As one result of next generation sequencing, it is now feasible to analyze large groups of related genomes in a comparative approach. A main task in comparative genomics is the identification of orthologous genes in different genomes and the classification of genes as core genes or singletons. To support these studies EDGAR, an “Efficient Database framework for comparative Genome Analyses using BLAST score Ratios” - was developed. EDGAR is designed to automatically perform genome comparisons in a high throughput approach. EDGAR significantly simplifies the comparative analysis of related genomes. The software supports a quick survey of evolutionary relationships and simplifies the process of obtaining new biological insights into the differential gene content of kindred genomes. Currently, the EDGAR platform is providing public access to 131 projects with precomputed genome comparisons for 1,450 genomes. In addition to the public EDGAR data resource, EDGAR is used for the analysis of unpublished data in scientific collaborations within 125 private projects investigating roughly 2,000 genomes.


How to reach the Workshop place

The workshop takes place on the 10th floor of the building U, where the DiDy Research Group is situated.
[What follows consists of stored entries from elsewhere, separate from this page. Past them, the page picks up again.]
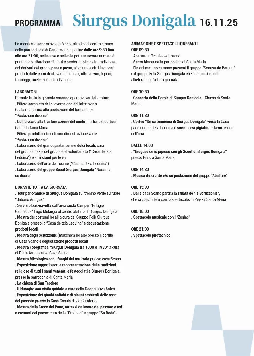 Nel pomeriggio, spazio al divertimento con i giochi e le attività dedicate ai più piccoli a cura degli Scout e con la musica itinerante del gruppo “Aballare”. Dalle 15.30 si terrà la sfilata de “Is Scruzzonis”, maschere tradizionali che animeranno le vie del centro fino a Piazza Santa Maria, dove alle 18.00 è previsto lo spettacolo musicale dei Zenias. Gran finale alle 21.00 con un suggestivo spettacolo pirotecnico.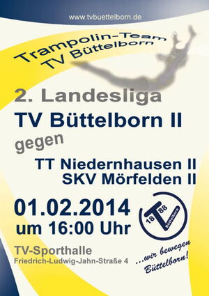Unser Trampolin-Nachwuchs startet am morgigen Samstag zu Hause in der TV-Sporthalle in die 2. Landesliga. Gegner sind die SKV Mörfelden II und die TT Niedernhausen II. Der TVB muss ohne Louis Behre auskommen, der in die Oberliga-Mannschaft aufgerückt ist. Dennoch hoffen die Trainer auf einen Auftakterfolg. Beginn ist um 16 Uhr, für Kaffee und Kuchen ist bestens gesorgt. Die junge Mannschaft freut sich über viele Zuschauer.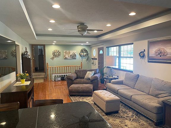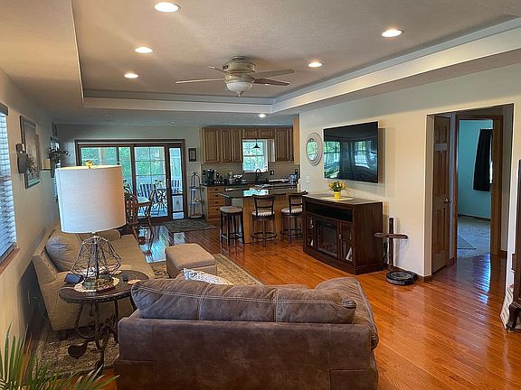 In town country acreage ranch style home. 4 bedroom, 2 1/2 bath, 2,220 square foot with new windows. Open living/dining with hardwood floors. New kitchen upgrade with granite and breakfast bar. Large master offering DBL closet, attached full size bathroom. Double attached garage. Partial basement with family room. 2 non compliant bedrooms in basement. Sunroom with view of secluded pond, patio, surrounded by mature trees. Above ground pool 16 x 8 x 42 with concrete curbing. 36 x 64 pole building. Peaceful retreat. Move in ready.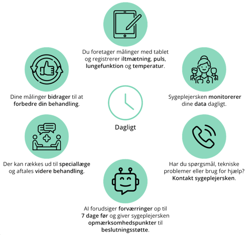 | Objektive målinger | SAT, puls, vægt | SAT, puls, vægt, FEV1, temperatur |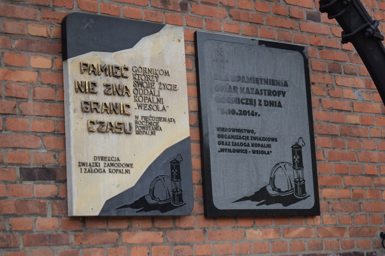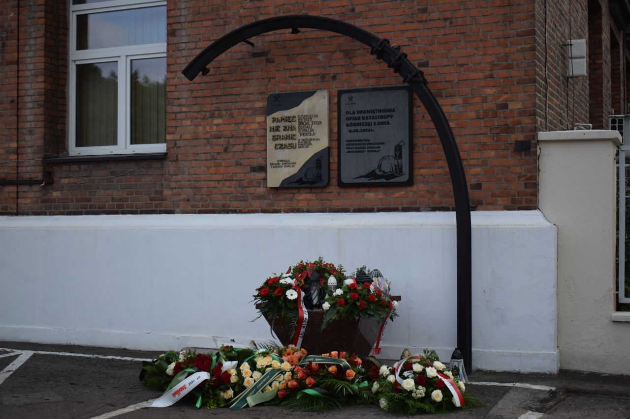 Rok po tragedii na budynku dyrekcji kopalni zawisła tablica upamiętniająca zmarłych górników. Od tej pory w każdą rocznicę składane są tu kwiaty i zapalane znicze. W dzisiejszych uroczystościach wzięli udział m.in. przedstawiciele władz kopalni i związków zawodowych, poseł Wojciech Król, prezydent Mysłowic Dariusz Wójtowicz i jego zastępcy Wojciech Chmiel i Mateusz Targoś czy mysłowiccy radni.

By train: Arriving at Bielefeld Hbf (main station), exit the building towards the city center; you should see the Bielefelder Hof hotel in front of you (if you see a Cinemaxx, you are on the wrong side!). Cross the street to get to the underground tram (Stadtbahn / U-Bahn) station. Take tram number 4 towards Universität / Lohmannshof. Exit the tram at Universität. Walk up the stairs and cross the red bridge towards the university main building. Enter it and walk up the stairs. You are now standing in the main hall. Turn right, walk about 50m, and look on your left hand side for a staircase labelled U,V,M. Take the elevator to the 10th floor (if the elevator does not go up to the 10th floor, you are at the wrong elevator!). When exiting, turn left and again left. You are now in U10, where our offices are.